Rusty was far from joking, though, and sent Guangdong Country Garden School in Guangahou Province an email, inquiring about their school and before they knew it, they were having Skype interviews, sending resumes and applying for Visas.

"We said if it was meant to work out, it would," Cecelia said. "The next thing we knew we were going to China."

Both teachers, Cecelia was at Bass Lake Elementary School for four years and teaching at Wasuma Elementary for 12 years. Rusty taught science, math and physical education at Oak Creek Intermediate for six years before going to Yosemite High School to work as a resource specialist, specializing in math and later becoming head golf coach for the school's successful program. He was the head boys and girls golf coach until two years ago when he began to only coach girls' golf.

While coaching he experienced multiple successes including the girls team looking to win their seventh straight league championship and the boys winning three league championships.

Rusty said they didn't think the China trip would come to fruition since he and his wife worked for different school districts, but they were both granted leaves and soon found someone to rent their house and take care of their seven pets -- two dogs and five outdoor cats (all spayed and neutered).

The Chinese school is a private K-12 boarding school at the same latitude as the Big Island of Hawaii so the weather is tropical. The school is also only about a 45 minute train and ferry ride from Hong Kong. The school is equipped with a sports facility, infirmary, hotel for visiting parents, observatory and pool. Rusty said the campus is large, approximately the size of Fresno State.

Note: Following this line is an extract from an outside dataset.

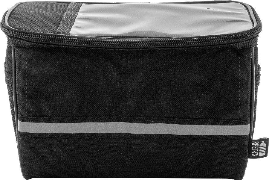 Borsa in poliestere 600D RPET per manubrio di bicicletta con scomparto chiuso da cerniera, tasca portacellulare touchscreen, tasche laterali in rete, cinghie regolabili in velcro, striscia riflettente ed etichetta RPET.

Rusty will teach math to junior high students and Cecelia will teach English as a second language. The year-long adventure will be a family affair because Rusty's sister-in-law and niece have also been hired as teachers at the school and his brother is also making the move.

Both Taylor, 9, and Claire, 12, will attend classes at the school. The school is not only for Chinese students but other international students. The girls will be busy with the school day beginning at 7:30 a.m. and ending at 7:30 p.m. Although on the English track, the girls will be taking classes to learn Mandarin every day. Already they've been preparing with the Rosetta Stone language program at home.

"Especially living in in the United States ... I talk to my girls about it being a competitive arena and if you have a second language like Mandarin, it's going to do nothing but benefit them."

Taylor said she is excited about the upcoming adventure and she is looking forward to experiencing Chinese New Year while there. Her one concern -- they won't have butter and cheese over there.

Although Clair doesn't want to leave her friends behind, she's looking forward to seeing the Great Wall of China over the Chinese New Year break.

"Oakhurst is a small community and for them to go out and see other things in the world is good for them," Cecelia said. "I think going to a school and experiencing a different work ethic will be good for them in the long run."

Neither travel lovers Rusty nor Cecelia have any reservations about the move -- to them it's just a big adventure and an amazing opportunity.

"I'm most excited about going and experiencing another culture and am excited to see what the education is like over there," Ceceila said. "Here it's become tougher with less resources and bigger classes. Over there, working with smaller classes and kids that are highly motivated sounds exciting."

Rusty also plans on coaching golf privately while in China. At the moment, the school he'll be teaching at doesn't have a golf team.

"We hear there are so many opportunities and have heard nothing but good things about China and the school," Rusty said.